The matter which requires decision is of no little commercial importance, for it turns upon the question whether the document on which the Bank founds its claim is or is not a bill of exchange. If it is, the Bank must, it is admitted, succeed; if it is not, the Bank cannot succeed, and the appellants will be in a position to force an investigation of the accounts and cross-claims between them and the Caravel Company Incorporated.
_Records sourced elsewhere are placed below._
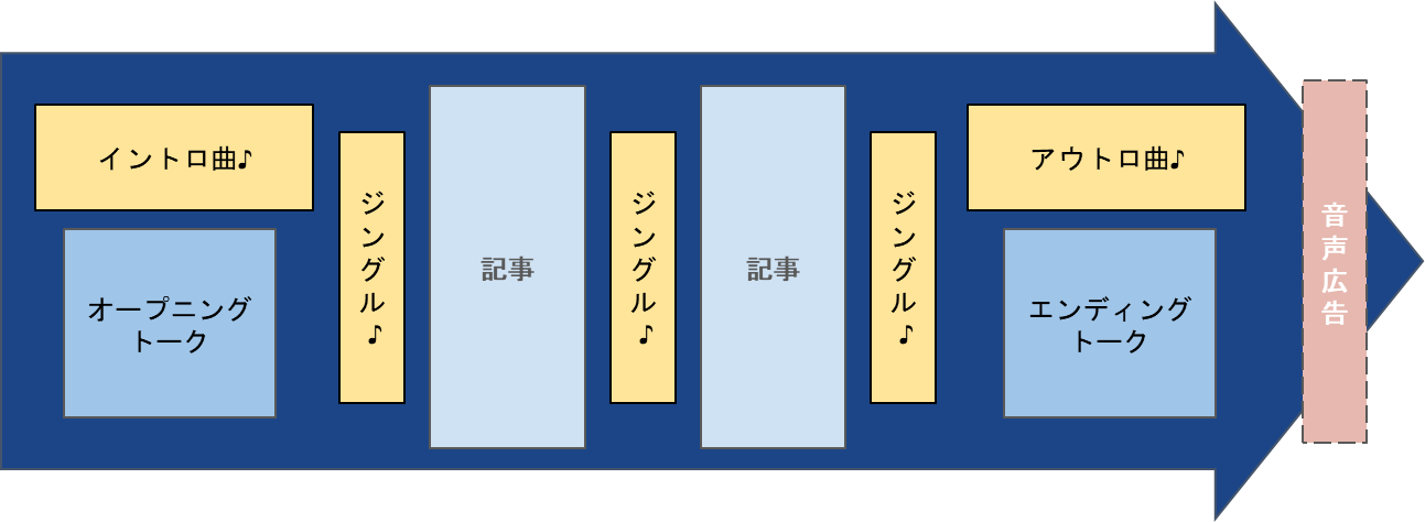 - 音声化した記事に冒頭のイントロ曲とオープニングトーク、記事の間にジングル、最後にエンディングトークとアウトロ曲を挿入します。これにより複数の記事をまとめたリッチな音声番組の配信が可能になります。イントロ曲やアウトロ曲はメディア様のお好みの曲を設定することが可能です。音源は株式会社オーディオストックの音源ストックサービス「Audiostock」からさまざまなジャンルの曲を事前にピックアップしています。また、オープニングトークやエンディングトークについてもメディア様のお好みの内容にすることが可能です。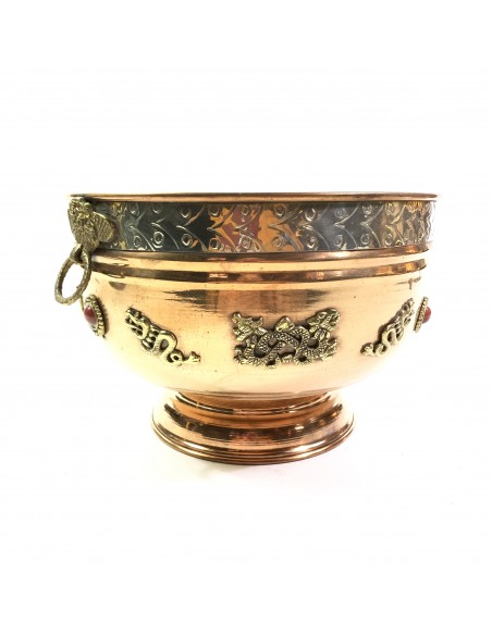 Ce bol tibétain en cuivre est un véritable bijou. Les ornements de dragon en laiton et la forme typique créent une atmosphère asiatique authentique.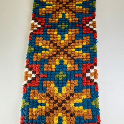 Vintage vevd løper / klokkestreng med fargerikt mønster.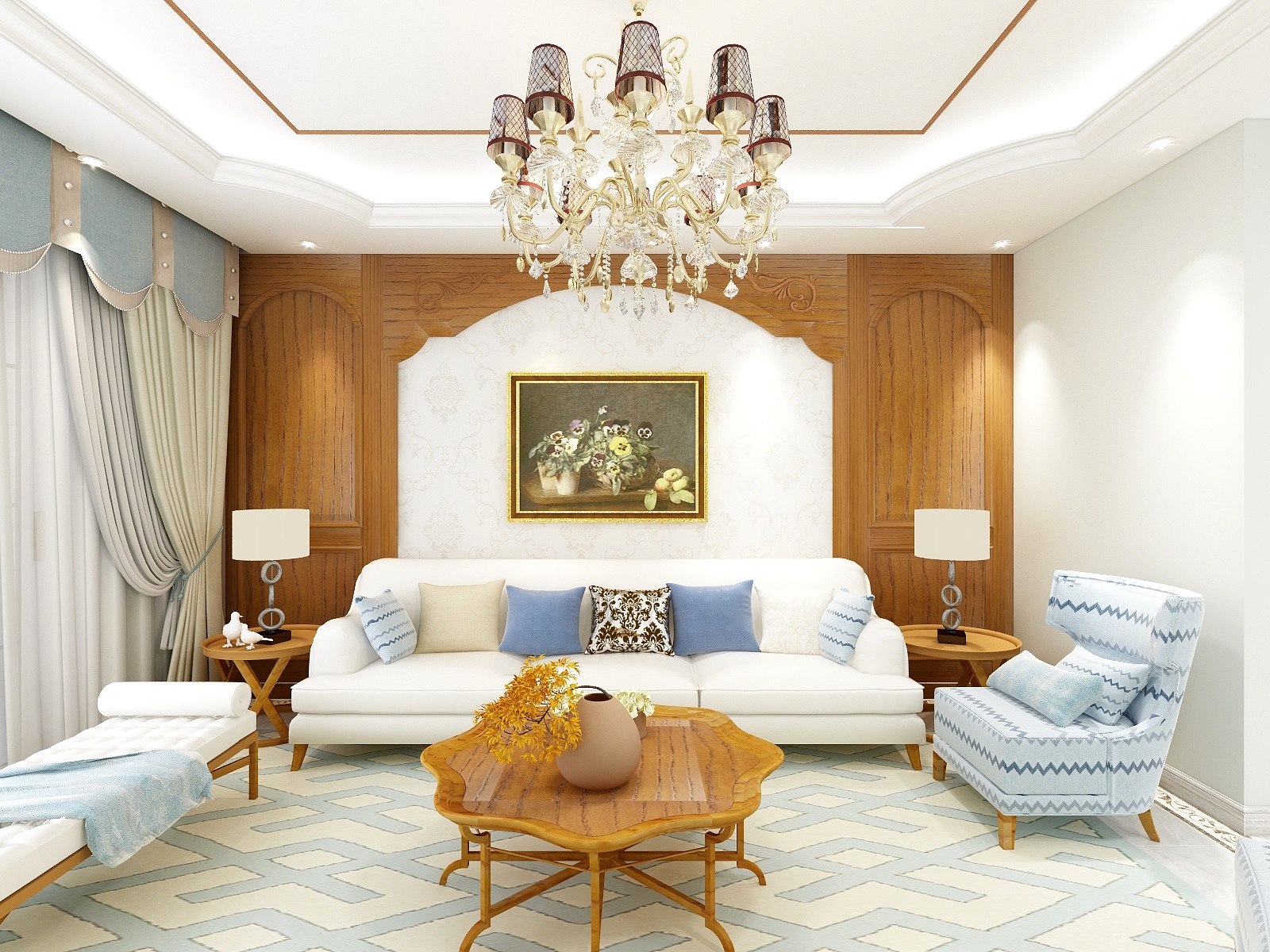 ——整體為簡約歐式,加了些許茶色琥珀色澤般的淺色橡木裝飾,與簡歐搭配具有別樣風情,客廳明亮簡白,使人感到純潔,清新藍的色調使空間變得透氣。

Now, the term "bill of exchange" is defined, both in the Instruments Act and in the Bills of Exchange Act 1909 in the same words as are contained in the Bills of Exchange Act 1882 of Great Britain:—"A bill of exchange is an unconditional order in writing addressed by one person to another signed by the person giving it requiring the person to whom it is addressed to pay on demand or at a fixed or determinable future time a sum certain in money to or to the order of a specified person or to bearer." "The sum payable by a bill is a sum certain ... although it is required to be paid ... with interest" (see Instruments Act 1915 Vict., secs. 4, 10; Bills of Exchange Act 1909, secs. 8, 14).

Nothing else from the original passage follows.